Ferragosto è ormai passato, ma i marinai della Capitaneria di Porto – Guardia Costiera di Imperia proseguono, senza soluzione di continuità, l’attività di sorveglianza e controllo su tutto il territorio di giurisdizione. Negli ultimi quindici giorni del mese di agosto, sono stati effettuati infatti circa 30 controlli su unità da diporto ed un centinaio di controlli a terra sia in ambito portuale che presso stabilimenti balneari.
I militari hanno elevato 11 sanzioni amministrative (per un totale di euro 5700) di cui 5 per eccesso di velocità entro i 1000 metri dalla costa, 1 per mancanza a bordo delle documentazione prevista – e 5 ai sensi dell’Ordinanza di Sicurezza Balneare della Scrivente Capitaneria di Porto, di cui 3 specificatamente per violazione delle disposizioni che regolano la permanenza presso la postazione di salvataggio dell’assistente bagnanti e 2 per violazione delle norme in materia di pesca sportiva subacquea.

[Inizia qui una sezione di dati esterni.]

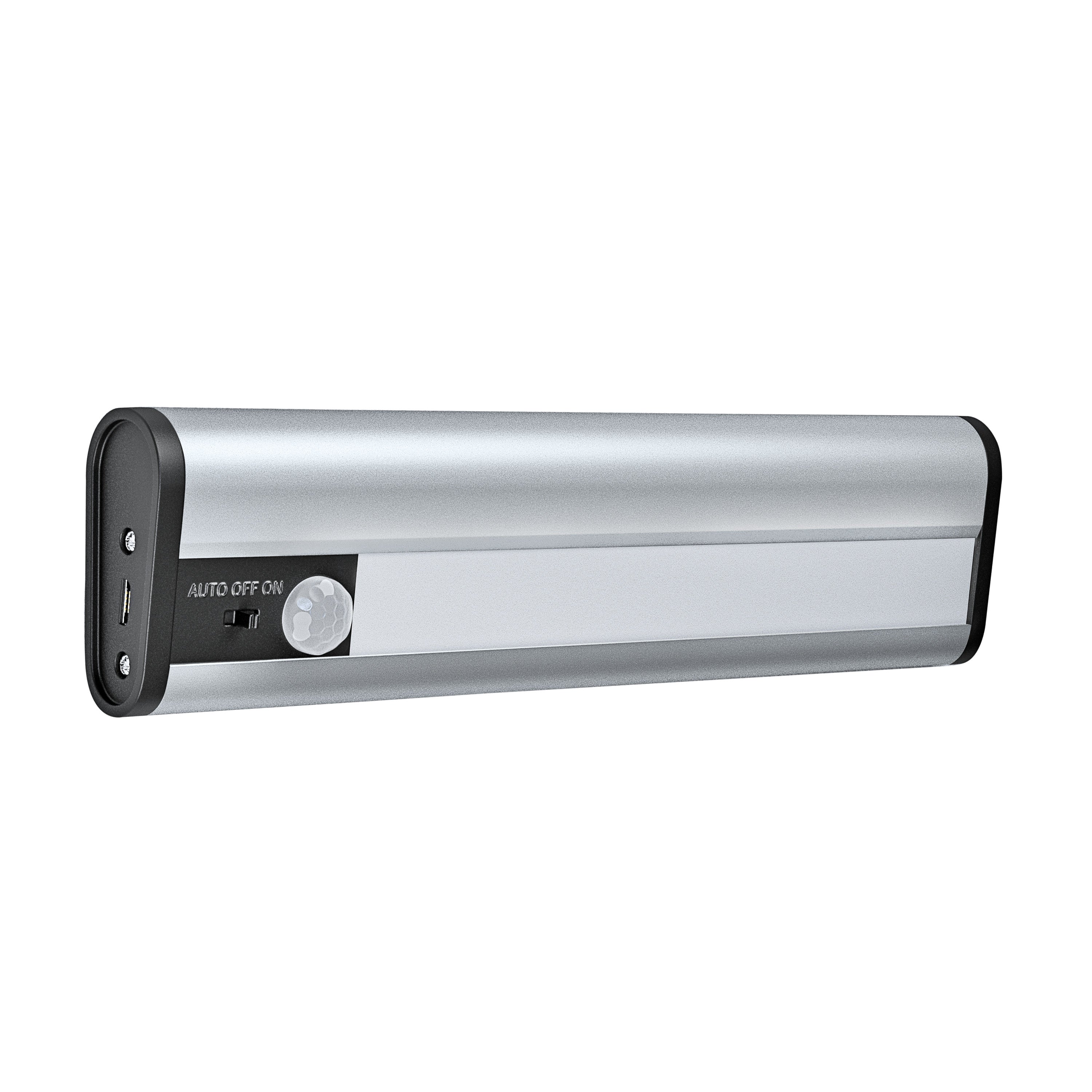 Apparecchi per sottopensili per montaggio flessibile, con sensori di movimento, alimentati a batteria, ricaricabili. Caratteristiche prodotto: Materiale dell'alloggiamento: alluminio. Sensore di luminosità e movimento integrato. Interruttore per accensione automatica oppure manuale. Batteria ricaricabile tramite cavo USB. Vantaggi prodotto: Design funzionale e attraente. Economicità grazie al ridotto consumo energetico. Installazione facile e veloce. Aree applicative: Per una vastissima gamma di applicazioni. Solo per uso in interni. Da integrare negli scaffali, nei mobili o da installare come sottopensile.
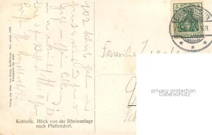 Koblenz_Rhein Blick von der Rheinanlage nach Pfaffendorf Koblenz_Rhein postalisch gelaufen bis 1920 Erhaltung siehe scans [WerneD78] WernPID7

Nello stesso periodo le unità della Guardia Costiera di Imperia hanno svolto 3 missioni di soccorso: una a favore di un’imbarcazione in difficoltà per avaria al motore nelle acque antistanti il Comune di Ventimiglia – Località Balzi Rossi, una a favore di imbarcazione con una via d’acqua a bordo in Località Capo Mortola – Ventimiglia ed infine l’ultima in assistenza ad un’imbarcazione, che seppur all’interno del porto turistico di Porto Sole di Sanremo, stava anch’essa imbarcando acqua.
Nonostante stia ormai terminando la stagione estiva, si ricorda a tutti i diportisti quanto sia fondamentale, prima di ogni uscita in mare, accertarsi di avere a bordo le previste dotazioni di sicurezza ed una sufficiente riserva di carburante in relazione alla navigazione da intraprendere, oltre naturalmente a verificare la piena efficienza dell’unità. Si ritiene altresì opportuno rammentare il suggerimento dato ad inizio estate dal Comandante della Capitaneria di Porto di Imperia – il Capitano di Fregata Luciano Pischedda – circa la necessità di verificare con scrupolosità le condizione meteo-marine in atto e previste, al fine di scongiurare il verificarsi di situazioni di potenziale pericolo.
Si ricorda ad ogni buon fine, per le emergenze in mare, di contattare prontamente il Numero Blu “1530”, che consente l’immediata attivazione della catena dei soccorsi per il tramite della Sala Operativa della Guardia Costiera territorialmente competente.